Authenticated proxy:

model = "gpt-5.5"
model_provider = "multi-auth-proxy"

[model_providers.multi-auth-proxy]
name = "Codex App Account Router"
base_url = "http://127.0.0.1:8787/v1"
wire_api = "responses"
supports_websockets = false
env_key = "CODEX_PROXY_TOKEN"

If you set env_key = "CODEX_PROXY_TOKEN" in Codex, set the same variable when starting the proxy. If you leave proxy auth unset, omit env_key from Codex config. Binding to a non-loopback host requires CODEX_PROXY_TOKEN.

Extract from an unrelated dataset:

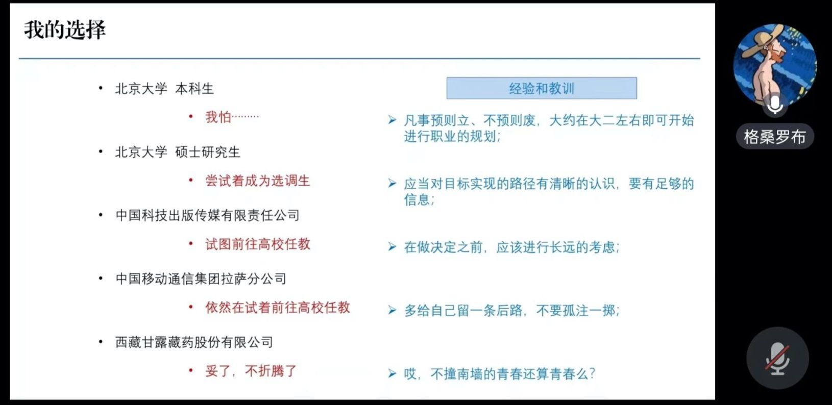 为了激励更多的大学生投身创新创业,进一步做好学生生涯规划指导,21生技本科1、2班于5月7日下午15:30,在禄亚洲老师的组织安排下,通过腾讯线上会议的方式,邀请了西藏甘医药技术有限公司的执行董事、总经理格桑罗布老师带来了一场精彩、有深度的讲座。

Do not set requires_openai_auth = true for this custom provider. The router handles ChatGPT OAuth upstream; Codex only needs to talk to the local endpoint.

Environment

| Variable | Default | Purpose | | --- | --- | --- | | CODEX_PROXY_HOST | 127.0.0.1 | Listen host | | CODEX_PROXY_PORT | 8787 | Listen port | | CODEX_PROXY_ACCOUNTS_FILE | ~/.codex/multi-auth/openai-accounts.json | Multi-auth account pool | | CODEX_PROXY_BINDINGS_FILE | ~/.codex/multi-auth/session-bindings.json | prompt_cache_key to account binding | | CODEX_PROXY_UPSTREAM_MODELS_URL | https://chatgpt.com/backend-api/codex/models | Live Codex model metadata endpoint | | CODEX_PROXY_ALLOW_CUSTOM_UPSTREAM | unset | Set to 1 only if you intentionally use custom upstream URLs | | CODEX_PROXY_STRATEGY | sticky | sticky, round-robin, or hybrid | | CODEX_PROXY_TOKEN | unset | Optional bearer token required by the proxy | | CODEX_PROXY_DEBUG | unset | Print stack traces for request failures |

Implemented endpoints

  • POST /v1/responses → forwards unchanged JSON/SSE to https://chatgpt.com/backend-api/codex/responses.
  • POST /v1/responses/compact → forwards unchanged JSON/SSE to the Codex compaction endpoint.
  • GET /v1/models → proxies live Codex model metadata.
  • GET /health → health check.
  • GET /status → local account/router status without token values.

On 429, the proxy records the model-specific reset time and retries another available account. On success, it stores prompt_cache_key stickiness so a Codex session keeps using the same account.

Security notes

  • Tokens are stored locally at ~/.codex/multi-auth/openai-accounts.json with owner-only permissions where the OS supports them.
  • The default proxy binds to 127.0.0.1, so other devices cannot reach it, but other local processes on your machine can. Use CODEX_PROXY_TOKEN if you need a bearer-token gate.
  • Legacy OpenCode accounts are not imported automatically. If you want to migrate an existing account file, run cma sync-accounts or npm run sync-accounts explicitly.